Barriers to linkage between maternal and baby healthcare records in England include uncertainty about the quality of data that are collected primarily for administrative purposes, and the availability and completeness of personal identifiers required for linkage.[1518] We developed methods for establishing a mother-baby cohort using linkage of a standard, pseudonymised extract of administrative hospital data for England. Our objective was to evaluate the success of mother-baby linkage in the absence of direct personal identifiers, using non-disclosive clinical variables (e.g. dates and delivery information) and demographic variables (e.g. ethnicity and GP practice code). We provide generalisable methods and guidance for combining information on individuals with healthcare characteristics in common.

Materials and Methods

Ethics statement

The study is exempt from UK NREC approval because it involved the analysis of an existing dataset of anonymous data for service evaluation. Approvals for the use of HES data were obtained as part of the standard Hospitals Episode Statistics approval process. Hospital Episode Statistics were made available by NHS Digital.

The steps required to create a linked cohort are outlined in the following sections: 1) Understanding the data source; 2) Identifying birth and delivery records; 3) Data preparation; 4) Data linkage; 5) Internal and external validity.

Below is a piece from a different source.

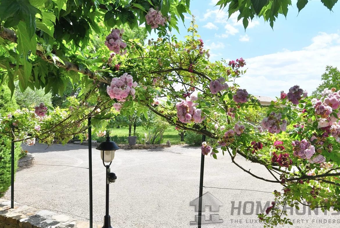 Under the arches, three decorative pools with a fountain create a Zen atmosphere. Garden shed, gazebo, automatic gate.

1) Understanding the data source.

Data were extracted from Hospital Episode Statistics (HES). HES is an administrative database holding detailed information for all admissions to NHS hospitals in England, and has been collected since 1989, primarily for financial purposes. HES data are made available to researchers with appropriate permissions, in a pseudonymised form (i.e. without personal identifiers) from the HSCIC. Data are divided into financial years, and structured as ‘episodes’ of care, within which a patient is under the care of one consultant. Each admission may comprise multiple episodes; episodes relating to the same individual are assigned the same pseudonymous ID (HESID) by the data provider, allowing researchers to track patient admissions over time without accessing any personal identifiers. HESID is assigned using a deterministic rule-based algorithm based on NHS number, local patient identifier, sex, date of birth and postcode.[19]

HES records contain clinical diagnoses (coded using the International Statistical Classification of Diseases and Related Health Problems 10th Revision: ICD-10[20]), procedures (coded using the Office of Population Censuses and Surveys Classification of Surgical Operations and Procedures 4th revision: OPCS), and Healthcare Resource Groups (HRGs: Standard HES extracts also include sex, month and year of birth and ethnic category (UK census 18 categories). Geographical information includes organisational code (NHS Trust or Primary Care Trust), registered GP practice code, residential postcode district (first 3–4 postcode characters; each postcode district contains an average 9500 UK households) and Index of Multiple Deprivation (IMD, derived from postcode).[2123]

In addition to the main HES record, delivery episodes for mothers and birth episodes for babies include additional fields called the ‘baby’ (or ‘maternity’) tail.[21] The baby tail contains information on delivery, including gestational age, birth weight and mode of delivery. For multiple births, each delivery record can hold up to 9 baby tails (up to 6 prior to 2002). The baby tail should contain the same information on both maternal and baby records, but is sometimes incomplete.[15] There is no routine linkage of maternal and baby records within HES: the maternal NHS number is not available on the baby record or vice versa.

2) Identifying delivery and birth records.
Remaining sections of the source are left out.